> **Instructions for the task**: For the string "oddając", find every matching line in the records and copy it.
(Data records begins)
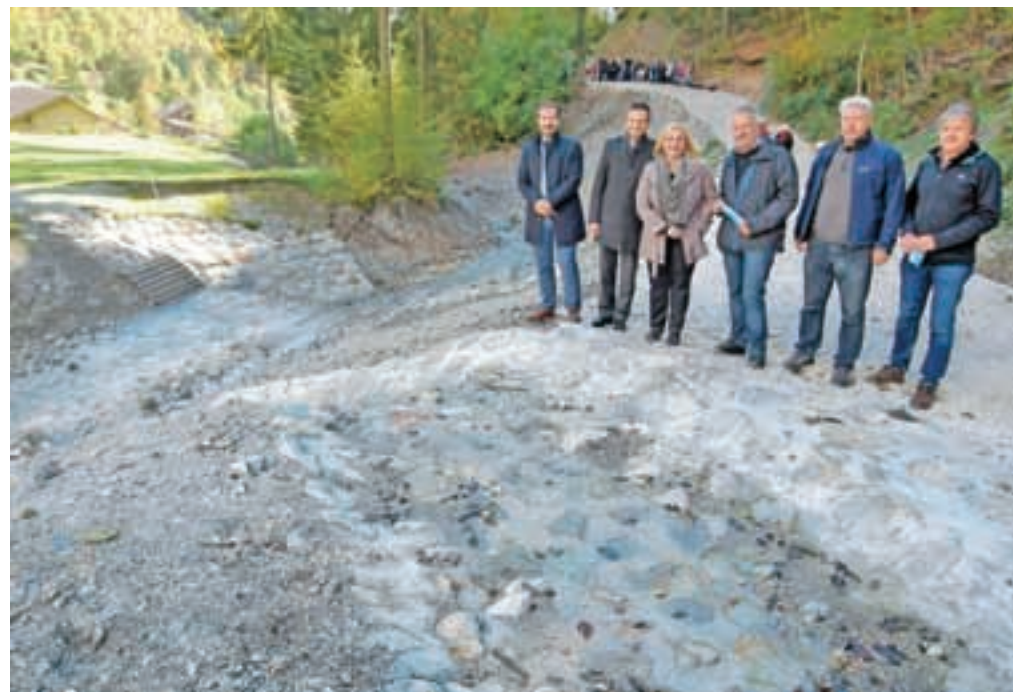
Partnerji pri projektu – predstavniki Občine Kamnik in Sklada Si.voda ter izvajalca Hidrotehnika – ob novi pridobitvi, ki močno zmanjšuje hudourniško ogroženost prebivalcev doline Bistričice.
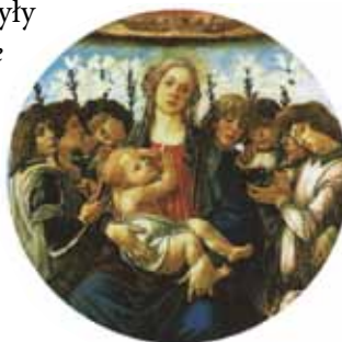
Madonna z dzieciątkiem Sandro Botticelliego – przedmiot sporu polsko-niemieckiego w okresie międzywojennym.

Podstawą rewindykacji archiwaliów z Austrii były postanowienia traktatu w Saint-Germain-en-Laye z 10 września 1919 r., który – w art. 93 – nakazywał zwrot archiwaliów dotyczących dzielonych terytoriów z ostatnich 10 lat między Królestwo Serbów-Chorwatów-Słoweńców, Rumunię, Czechosłowację i Polskę (jedynie Włochom zobowiązano się zwrócić akta od roku 1861). Z kolei art. 189 przyznał państwom-sukcesorom „bezsprzeczne i nieodwołalne prawo do wszystkich akt, odnoszących się do wszystkich gałęzi administracji”.
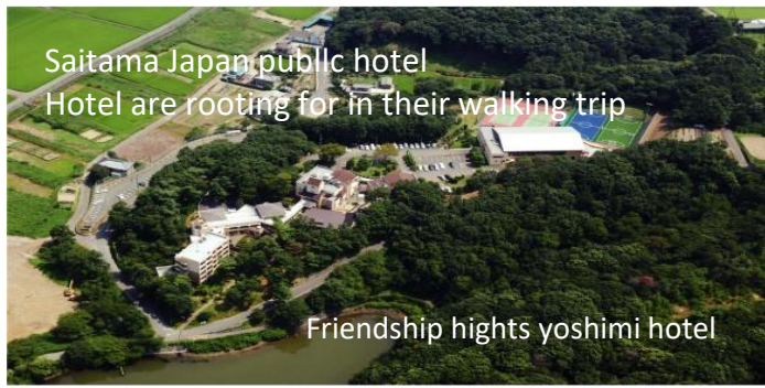
Saitama Japan public hotel Hotel are rooting for in their walking trip
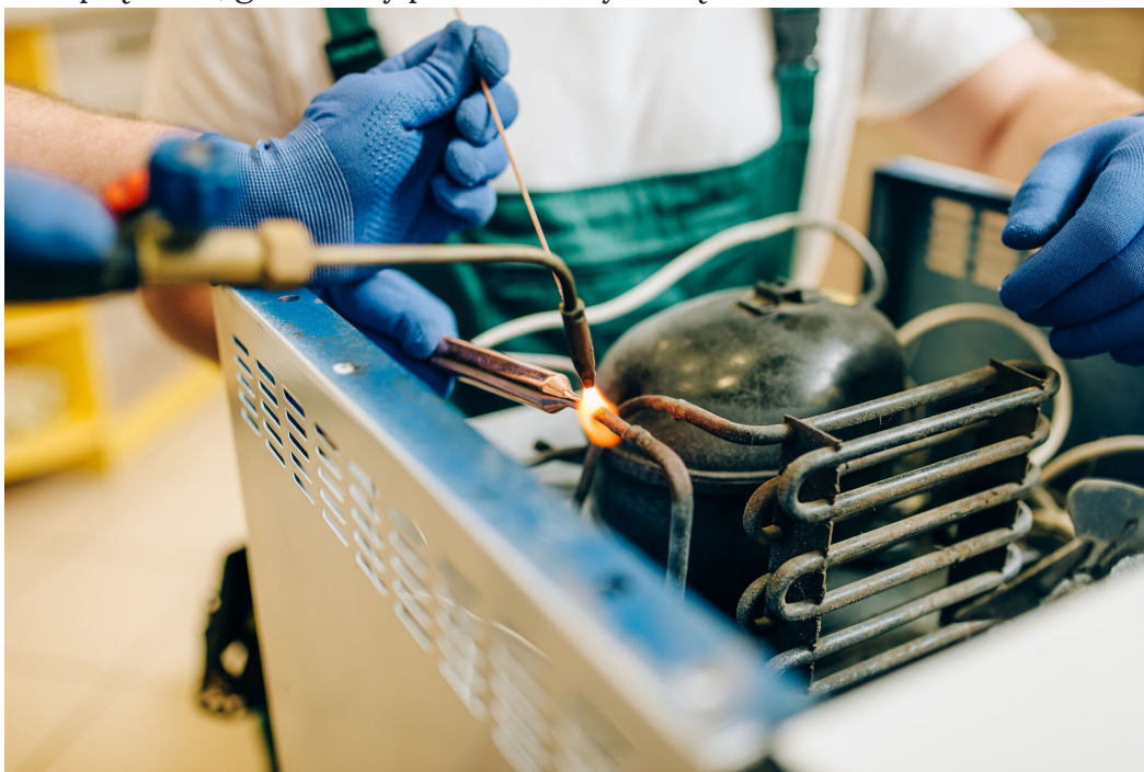
Rys. 3. W skraplaczu gaz ulega skropleniu, oddając ciepło do otoczenia

Najważniejszą częścią instalacji jest sprężarka, zasilana energią elektryczną. To urządzenie, które pompuje czynnik chłodniczy przez cały układ lodówki. Podczas przechodzenia czynnika chłodniczego przez sprężarkę ma on postać gazu. Sprężanie gazu zwiększa jego ciśnienie, a tym samym temperaturę. W takiej formie czynnik chłodniczy trafia do skraplacza, czyli do krętych rur z tyłu lodówki (Rys. 3.). Tu gaz skrapla się, oddając ciepło do otoczenia. Aby powstała ciecz schłodzić jeszcze bardziej przepuszcza się ją przez bardzo cienką rurkę zwaną kapilarą. To powoduje zmniejszenie ciśnienia i temperatury. Teraz zimna ciecz trafia do parownika, gdzie w warunkach niskiej temperatury i ciśnienia, zaczyna wrzeć. Wrzenie związane jest z pobieraniem ciepła z otoczenia, dlatego parownik umieszczony jest w komorze chłodniczej lodówki. Czynnik chłodniczy w postaci gazu jest kierowany do sprężarki, gdzie cały proces zaczyna się od nowa.
(Data records ends)
> **Response to this task**:
Rys. 3. W skraplaczu gaz ulega skropleniu, oddając ciepło do otoczenia
Najważniejszą częścią instalacji jest sprężarka, zasilana energią elektryczną. To urządzenie, które pompuje czynnik chłodniczy przez cały układ lodówki. Podczas przechodzenia czynnika chłodniczego przez sprężarkę ma on postać gazu. Sprężanie gazu zwiększa jego ciśnienie, a tym samym temperaturę. W takiej formie czynnik chłodniczy trafia do skraplacza, czyli do krętych rur z tyłu lodówki (Rys. 3.). Tu gaz skrapla się, oddając ciepło do otoczenia. Aby powstała ciecz schłodzić jeszcze bardziej przepuszcza się ją przez bardzo cienką rurkę zwaną kapilarą. To powoduje zmniejszenie ciśnienia i temperatury. Teraz zimna ciecz trafia do parownika, gdzie w warunkach niskiej temperatury i ciśnienia, zaczyna wrzeć. Wrzenie związane jest z pobieraniem ciepła z otoczenia, dlatego parownik umieszczony jest w komorze chłodniczej lodówki. Czynnik chłodniczy w postaci gazu jest kierowany do sprężarki, gdzie cały proces zaczyna się od nowa.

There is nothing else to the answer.